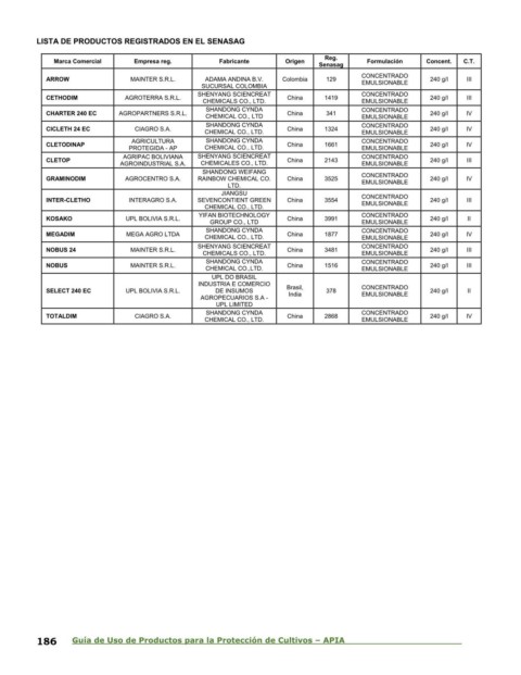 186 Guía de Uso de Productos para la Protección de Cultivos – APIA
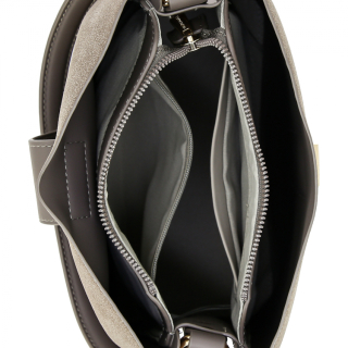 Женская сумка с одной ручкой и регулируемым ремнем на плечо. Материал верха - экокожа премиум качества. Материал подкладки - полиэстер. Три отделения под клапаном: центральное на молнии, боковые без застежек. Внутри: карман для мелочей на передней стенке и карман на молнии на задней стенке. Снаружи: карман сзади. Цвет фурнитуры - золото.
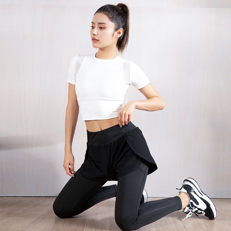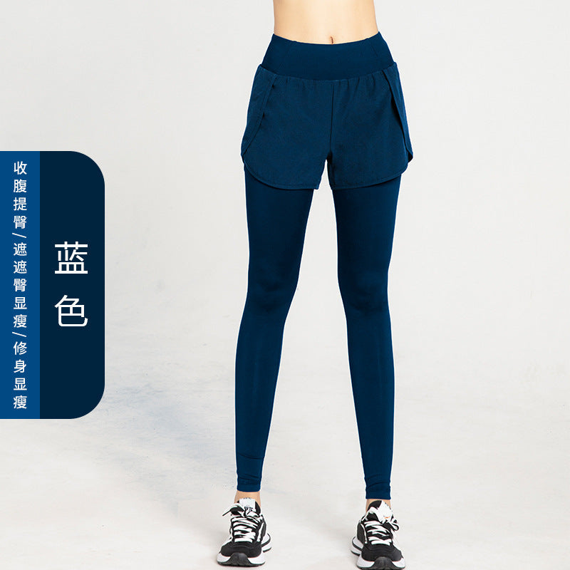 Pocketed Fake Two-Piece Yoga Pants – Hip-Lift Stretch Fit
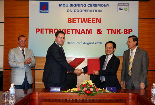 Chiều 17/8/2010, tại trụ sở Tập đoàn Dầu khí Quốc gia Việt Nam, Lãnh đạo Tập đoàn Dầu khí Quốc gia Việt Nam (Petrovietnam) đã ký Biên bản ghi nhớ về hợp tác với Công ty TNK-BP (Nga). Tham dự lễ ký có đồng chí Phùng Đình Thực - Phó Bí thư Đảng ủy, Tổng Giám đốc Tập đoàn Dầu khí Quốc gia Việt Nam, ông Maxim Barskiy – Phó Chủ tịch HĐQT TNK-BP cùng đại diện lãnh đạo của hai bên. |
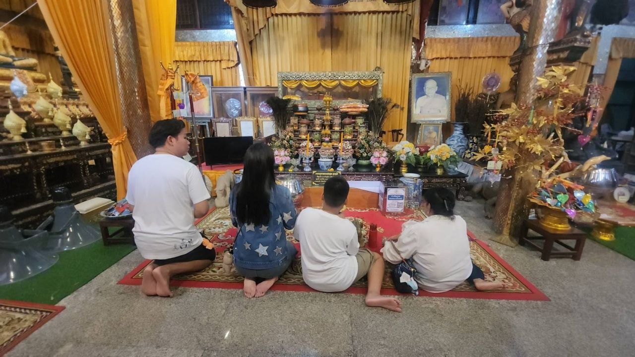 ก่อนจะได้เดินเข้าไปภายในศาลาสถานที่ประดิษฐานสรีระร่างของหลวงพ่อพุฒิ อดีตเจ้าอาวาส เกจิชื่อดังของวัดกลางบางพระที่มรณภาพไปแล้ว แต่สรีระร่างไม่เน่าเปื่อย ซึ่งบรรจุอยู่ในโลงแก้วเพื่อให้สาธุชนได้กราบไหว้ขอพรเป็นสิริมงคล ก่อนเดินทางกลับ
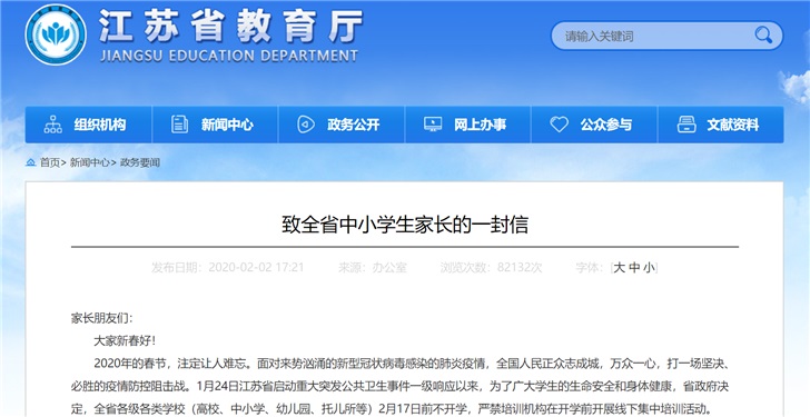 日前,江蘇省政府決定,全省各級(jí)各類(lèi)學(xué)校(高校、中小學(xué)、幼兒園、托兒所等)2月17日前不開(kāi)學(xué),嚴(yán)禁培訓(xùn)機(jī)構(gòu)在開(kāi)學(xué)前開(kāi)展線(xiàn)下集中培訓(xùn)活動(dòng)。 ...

——

From the line with "Pocketed Fake Two-Piece" through the last line of the entries above, transcribe everything exactly, both ends included, but not the pictures.

▸ Response area:
 Pocketed Fake Two-Piece Yoga Pants – Hip-Lift Stretch Fit
 Chiều 17/8/2010, tại trụ sở Tập đoàn Dầu khí Quốc gia Việt Nam, Lãnh đạo Tập đoàn Dầu khí Quốc gia Việt Nam (Petrovietnam) đã ký Biên bản ghi nhớ về hợp tác với Công ty TNK-BP (Nga). Tham dự lễ ký có đồng chí Phùng Đình Thực - Phó Bí thư Đảng ủy, Tổng Giám đốc Tập đoàn Dầu khí Quốc gia Việt Nam, ông Maxim Barskiy – Phó Chủ tịch HĐQT TNK-BP cùng đại diện lãnh đạo của hai bên. |
 ก่อนจะได้เดินเข้าไปภายในศาลาสถานที่ประดิษฐานสรีระร่างของหลวงพ่อพุฒิ อดีตเจ้าอาวาส เกจิชื่อดังของวัดกลางบางพระที่มรณภาพไปแล้ว แต่สรีระร่างไม่เน่าเปื่อย ซึ่งบรรจุอยู่ในโลงแก้วเพื่อให้สาธุชนได้กราบไหว้ขอพรเป็นสิริมงคล ก่อนเดินทางกลับ
 日前,江蘇省政府決定,全省各級(jí)各類(lèi)學(xué)校(高校、中小學(xué)、幼兒園、托兒所等)2月17日前不開(kāi)學(xué),嚴(yán)禁培訓(xùn)機(jī)構(gòu)在開(kāi)學(xué)前開(kāi)展線(xiàn)下集中培訓(xùn)活動(dòng)。 ...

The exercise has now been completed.